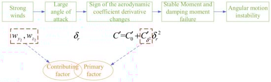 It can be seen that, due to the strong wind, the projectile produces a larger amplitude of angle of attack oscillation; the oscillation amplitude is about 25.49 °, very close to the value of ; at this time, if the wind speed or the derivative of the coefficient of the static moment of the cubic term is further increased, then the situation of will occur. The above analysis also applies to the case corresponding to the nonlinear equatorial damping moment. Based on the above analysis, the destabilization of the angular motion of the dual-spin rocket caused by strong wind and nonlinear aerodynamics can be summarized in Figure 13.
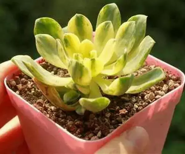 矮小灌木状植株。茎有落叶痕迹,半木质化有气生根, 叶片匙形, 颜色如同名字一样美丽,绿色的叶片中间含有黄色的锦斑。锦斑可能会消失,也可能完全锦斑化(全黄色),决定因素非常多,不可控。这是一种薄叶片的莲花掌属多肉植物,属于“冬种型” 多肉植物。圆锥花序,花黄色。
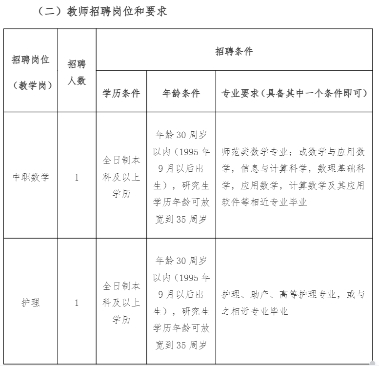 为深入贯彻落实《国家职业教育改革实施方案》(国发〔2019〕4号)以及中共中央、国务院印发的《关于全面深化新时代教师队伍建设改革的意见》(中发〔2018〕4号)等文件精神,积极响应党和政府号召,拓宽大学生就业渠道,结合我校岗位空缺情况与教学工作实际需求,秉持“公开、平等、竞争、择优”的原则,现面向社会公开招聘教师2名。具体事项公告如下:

---

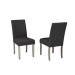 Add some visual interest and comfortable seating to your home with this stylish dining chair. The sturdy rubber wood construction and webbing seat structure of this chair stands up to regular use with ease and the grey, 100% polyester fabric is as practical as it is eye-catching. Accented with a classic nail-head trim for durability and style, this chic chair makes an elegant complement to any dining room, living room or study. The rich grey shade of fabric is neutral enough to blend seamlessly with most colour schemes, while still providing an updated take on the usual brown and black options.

--

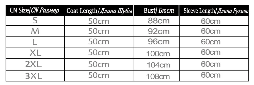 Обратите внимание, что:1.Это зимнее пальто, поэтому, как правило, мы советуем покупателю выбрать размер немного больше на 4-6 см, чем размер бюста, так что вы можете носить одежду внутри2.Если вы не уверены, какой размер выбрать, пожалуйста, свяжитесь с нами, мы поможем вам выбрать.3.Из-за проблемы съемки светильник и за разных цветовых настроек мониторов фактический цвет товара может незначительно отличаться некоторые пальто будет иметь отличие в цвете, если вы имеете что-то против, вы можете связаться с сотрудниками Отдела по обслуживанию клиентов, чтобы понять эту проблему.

WHAT THE TASK ASKS:
Could you repeat, exactly, only the lines above starting at the one that has "It can be seen" and stopping after the one that has "为深入贯彻落实《国家职业教育", without the pictures?

YOUR SOLUTION:
 It can be seen that, due to the strong wind, the projectile produces a larger amplitude of angle of attack oscillation; the oscillation amplitude is about 25.49 °, very close to the value of ; at this time, if the wind speed or the derivative of the coefficient of the static moment of the cubic term is further increased, then the situation of will occur. The above analysis also applies to the case corresponding to the nonlinear equatorial damping moment. Based on the above analysis, the destabilization of the angular motion of the dual-spin rocket caused by strong wind and nonlinear aerodynamics can be summarized in Figure 13.
 矮小灌木状植株。茎有落叶痕迹,半木质化有气生根, 叶片匙形, 颜色如同名字一样美丽,绿色的叶片中间含有黄色的锦斑。锦斑可能会消失,也可能完全锦斑化(全黄色),决定因素非常多,不可控。这是一种薄叶片的莲花掌属多肉植物,属于“冬种型” 多肉植物。圆锥花序,花黄色。
 为深入贯彻落实《国家职业教育改革实施方案》(国发〔2019〕4号)以及中共中央、国务院印发的《关于全面深化新时代教师队伍建设改革的意见》(中发〔2018〕4号)等文件精神,积极响应党和政府号召,拓宽大学生就业渠道,结合我校岗位空缺情况与教学工作实际需求,秉持“公开、平等、竞争、择优”的原则,现面向社会公开招聘教师2名。具体事项公告如下:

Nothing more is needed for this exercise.